### TASK OBJECTIVE
Only the lines from the one containing "詳細を全部見るCalibre:339(ユニバーサル社製エボーシュ) Movement:手巻き /" through the one containing "Innentől előre mindennek" should be printed, exactly as they appear below, with both ends included.

### RECORDS SUPPLIED

******

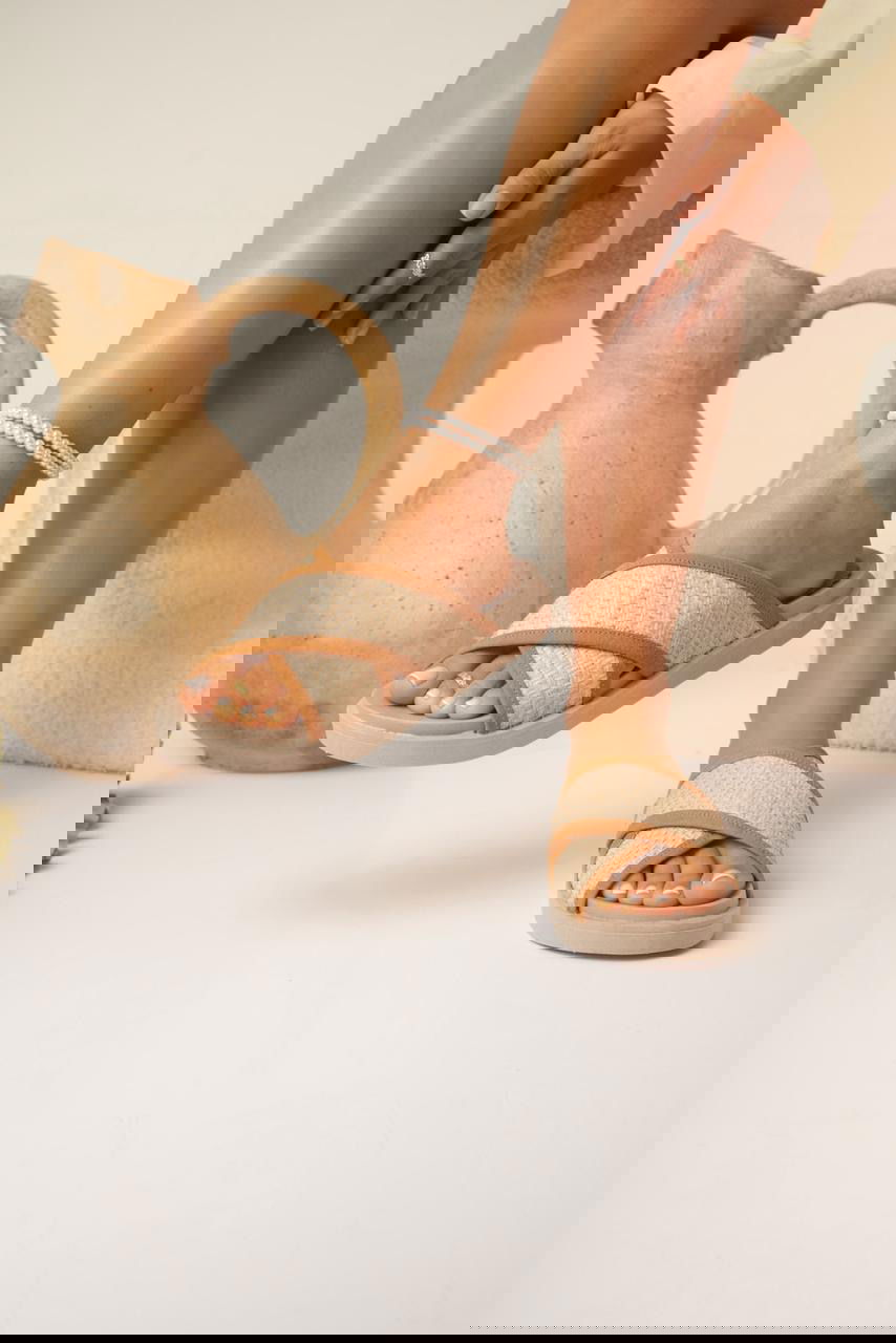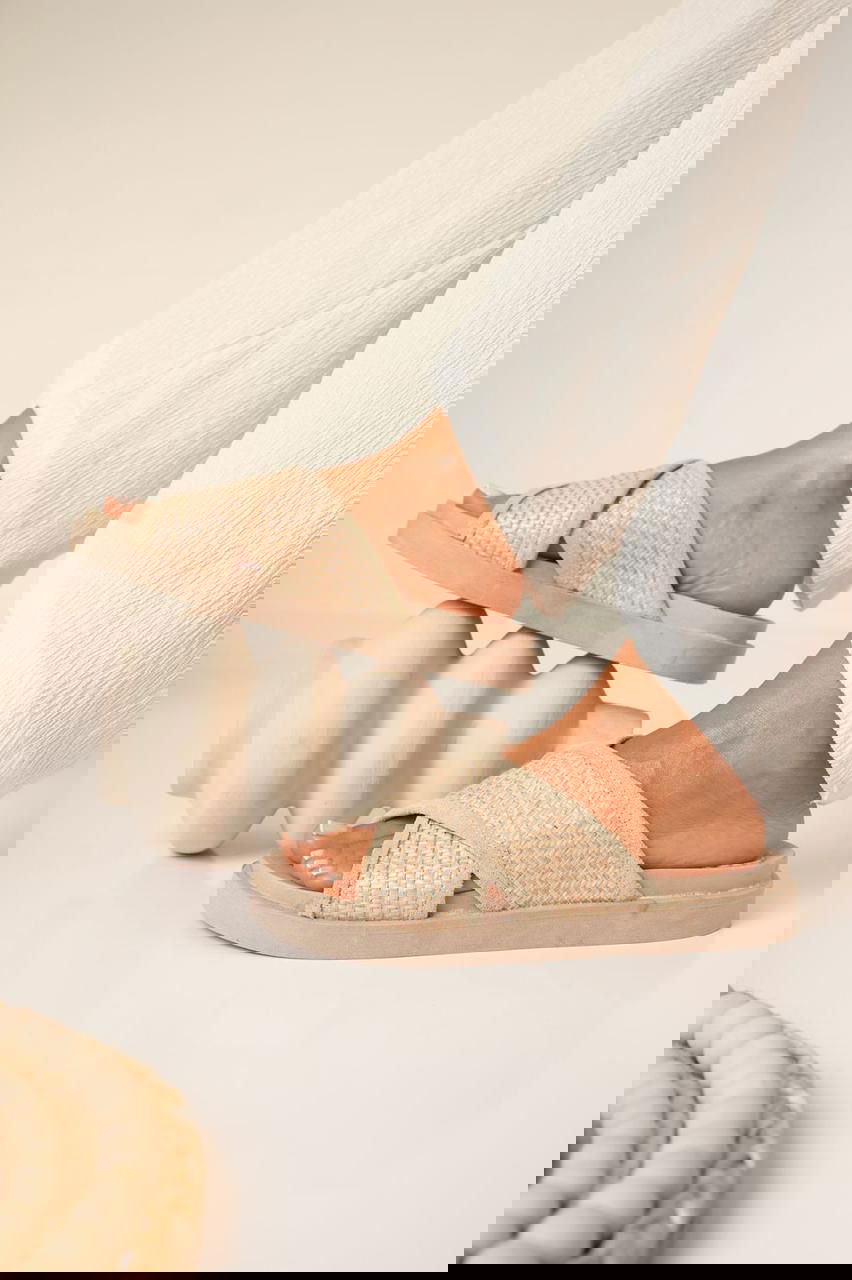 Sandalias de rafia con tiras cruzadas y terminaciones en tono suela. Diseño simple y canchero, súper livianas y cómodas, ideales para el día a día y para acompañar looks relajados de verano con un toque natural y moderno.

******

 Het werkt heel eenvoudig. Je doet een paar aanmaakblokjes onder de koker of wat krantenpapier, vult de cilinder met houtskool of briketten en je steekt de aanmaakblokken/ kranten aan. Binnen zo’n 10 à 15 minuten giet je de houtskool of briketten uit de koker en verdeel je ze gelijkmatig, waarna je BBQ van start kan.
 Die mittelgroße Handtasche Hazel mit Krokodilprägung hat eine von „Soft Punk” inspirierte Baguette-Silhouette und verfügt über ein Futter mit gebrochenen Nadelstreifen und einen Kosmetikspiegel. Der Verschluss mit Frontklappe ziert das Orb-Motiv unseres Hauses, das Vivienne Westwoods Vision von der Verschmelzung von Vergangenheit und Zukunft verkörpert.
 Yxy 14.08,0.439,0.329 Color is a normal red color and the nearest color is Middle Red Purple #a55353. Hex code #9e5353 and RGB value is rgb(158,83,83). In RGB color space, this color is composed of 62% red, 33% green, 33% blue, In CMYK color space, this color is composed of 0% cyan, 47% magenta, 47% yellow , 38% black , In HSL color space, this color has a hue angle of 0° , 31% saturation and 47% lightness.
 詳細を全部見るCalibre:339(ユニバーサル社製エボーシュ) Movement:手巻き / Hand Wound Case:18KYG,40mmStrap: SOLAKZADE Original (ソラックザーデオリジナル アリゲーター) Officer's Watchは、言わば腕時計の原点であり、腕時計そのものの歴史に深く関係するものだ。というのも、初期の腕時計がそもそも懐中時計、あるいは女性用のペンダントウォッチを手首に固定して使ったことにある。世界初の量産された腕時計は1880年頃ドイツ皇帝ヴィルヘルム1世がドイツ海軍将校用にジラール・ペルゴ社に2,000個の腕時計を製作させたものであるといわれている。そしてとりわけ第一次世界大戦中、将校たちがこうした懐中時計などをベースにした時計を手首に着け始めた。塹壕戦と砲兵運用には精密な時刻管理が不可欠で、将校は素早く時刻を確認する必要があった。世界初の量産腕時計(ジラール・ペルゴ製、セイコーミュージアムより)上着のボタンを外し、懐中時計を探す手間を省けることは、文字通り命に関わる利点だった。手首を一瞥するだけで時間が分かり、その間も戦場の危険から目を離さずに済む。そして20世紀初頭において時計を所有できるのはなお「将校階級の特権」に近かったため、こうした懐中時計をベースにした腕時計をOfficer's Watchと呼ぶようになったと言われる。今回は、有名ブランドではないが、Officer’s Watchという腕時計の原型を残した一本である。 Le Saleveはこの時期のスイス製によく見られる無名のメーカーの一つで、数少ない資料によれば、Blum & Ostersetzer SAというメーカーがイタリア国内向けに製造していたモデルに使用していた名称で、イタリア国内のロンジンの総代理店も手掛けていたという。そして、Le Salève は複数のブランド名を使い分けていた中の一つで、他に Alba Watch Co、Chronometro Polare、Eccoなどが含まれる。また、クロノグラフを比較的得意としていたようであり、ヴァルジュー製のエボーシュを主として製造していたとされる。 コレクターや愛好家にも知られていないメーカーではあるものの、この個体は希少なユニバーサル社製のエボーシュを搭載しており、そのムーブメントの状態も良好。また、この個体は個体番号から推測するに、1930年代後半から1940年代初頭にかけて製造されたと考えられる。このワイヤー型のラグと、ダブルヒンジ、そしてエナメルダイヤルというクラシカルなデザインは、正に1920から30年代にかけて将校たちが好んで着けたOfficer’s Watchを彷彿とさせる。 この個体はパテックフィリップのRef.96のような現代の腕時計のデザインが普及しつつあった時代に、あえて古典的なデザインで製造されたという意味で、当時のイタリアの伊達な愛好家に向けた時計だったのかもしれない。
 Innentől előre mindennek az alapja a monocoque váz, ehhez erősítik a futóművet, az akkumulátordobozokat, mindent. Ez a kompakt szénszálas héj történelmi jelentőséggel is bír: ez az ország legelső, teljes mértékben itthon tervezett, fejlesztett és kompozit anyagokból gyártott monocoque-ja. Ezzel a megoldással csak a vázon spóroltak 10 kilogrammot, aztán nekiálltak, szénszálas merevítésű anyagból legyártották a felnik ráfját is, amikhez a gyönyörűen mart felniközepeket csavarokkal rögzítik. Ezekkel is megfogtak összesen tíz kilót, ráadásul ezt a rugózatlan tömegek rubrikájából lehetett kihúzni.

******

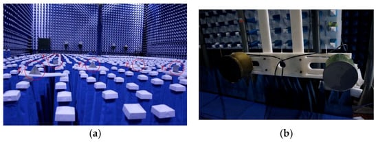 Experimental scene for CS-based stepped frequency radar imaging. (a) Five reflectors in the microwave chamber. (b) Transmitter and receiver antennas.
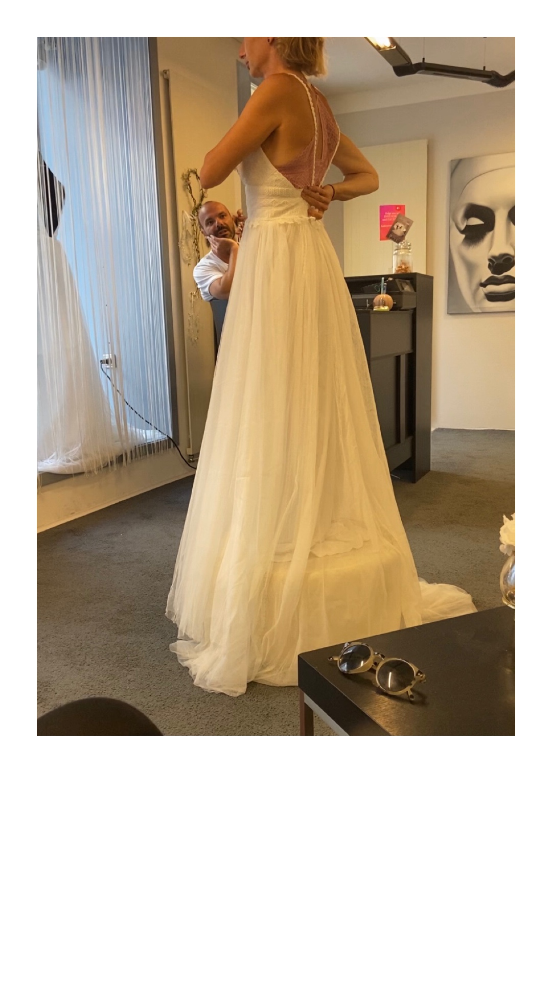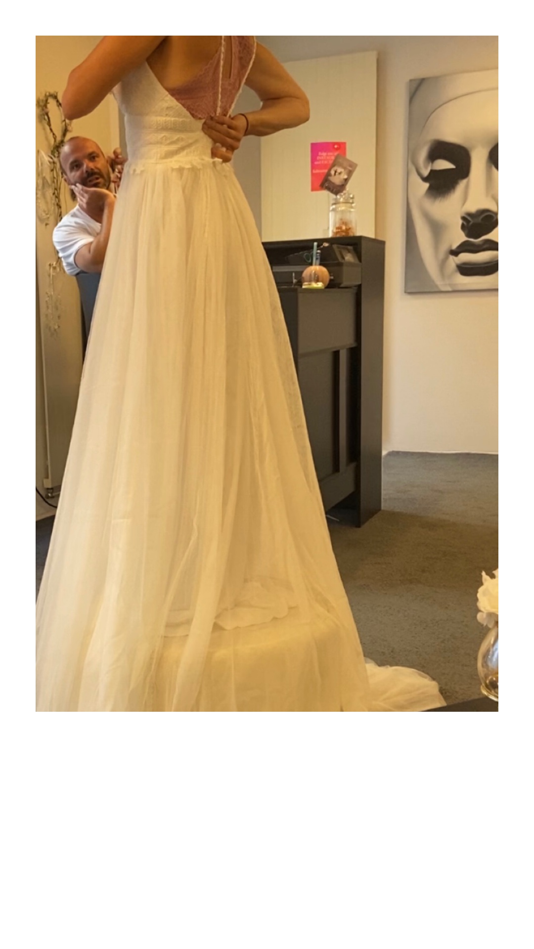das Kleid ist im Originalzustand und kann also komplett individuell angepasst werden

******

### YOUR RESPONSE
 詳細を全部見るCalibre:339(ユニバーサル社製エボーシュ) Movement:手巻き / Hand Wound Case:18KYG,40mmStrap: SOLAKZADE Original (ソラックザーデオリジナル アリゲーター) Officer's Watchは、言わば腕時計の原点であり、腕時計そのものの歴史に深く関係するものだ。というのも、初期の腕時計がそもそも懐中時計、あるいは女性用のペンダントウォッチを手首に固定して使ったことにある。世界初の量産された腕時計は1880年頃ドイツ皇帝ヴィルヘルム1世がドイツ海軍将校用にジラール・ペルゴ社に2,000個の腕時計を製作させたものであるといわれている。そしてとりわけ第一次世界大戦中、将校たちがこうした懐中時計などをベースにした時計を手首に着け始めた。塹壕戦と砲兵運用には精密な時刻管理が不可欠で、将校は素早く時刻を確認する必要があった。世界初の量産腕時計(ジラール・ペルゴ製、セイコーミュージアムより)上着のボタンを外し、懐中時計を探す手間を省けることは、文字通り命に関わる利点だった。手首を一瞥するだけで時間が分かり、その間も戦場の危険から目を離さずに済む。そして20世紀初頭において時計を所有できるのはなお「将校階級の特権」に近かったため、こうした懐中時計をベースにした腕時計をOfficer's Watchと呼ぶようになったと言われる。今回は、有名ブランドではないが、Officer’s Watchという腕時計の原型を残した一本である。 Le Saleveはこの時期のスイス製によく見られる無名のメーカーの一つで、数少ない資料によれば、Blum & Ostersetzer SAというメーカーがイタリア国内向けに製造していたモデルに使用していた名称で、イタリア国内のロンジンの総代理店も手掛けていたという。そして、Le Salève は複数のブランド名を使い分けていた中の一つで、他に Alba Watch Co、Chronometro Polare、Eccoなどが含まれる。また、クロノグラフを比較的得意としていたようであり、ヴァルジュー製のエボーシュを主として製造していたとされる。 コレクターや愛好家にも知られていないメーカーではあるものの、この個体は希少なユニバーサル社製のエボーシュを搭載しており、そのムーブメントの状態も良好。また、この個体は個体番号から推測するに、1930年代後半から1940年代初頭にかけて製造されたと考えられる。このワイヤー型のラグと、ダブルヒンジ、そしてエナメルダイヤルというクラシカルなデザインは、正に1920から30年代にかけて将校たちが好んで着けたOfficer’s Watchを彷彿とさせる。 この個体はパテックフィリップのRef.96のような現代の腕時計のデザインが普及しつつあった時代に、あえて古典的なデザインで製造されたという意味で、当時のイタリアの伊達な愛好家に向けた時計だったのかもしれない。
 Innentől előre mindennek az alapja a monocoque váz, ehhez erősítik a futóművet, az akkumulátordobozokat, mindent. Ez a kompakt szénszálas héj történelmi jelentőséggel is bír: ez az ország legelső, teljes mértékben itthon tervezett, fejlesztett és kompozit anyagokból gyártott monocoque-ja. Ezzel a megoldással csak a vázon spóroltak 10 kilogrammot, aztán nekiálltak, szénszálas merevítésű anyagból legyártották a felnik ráfját is, amikhez a gyönyörűen mart felniközepeket csavarokkal rögzítik. Ezekkel is megfogtak összesen tíz kilót, ráadásul ezt a rugózatlan tömegek rubrikájából lehetett kihúzni.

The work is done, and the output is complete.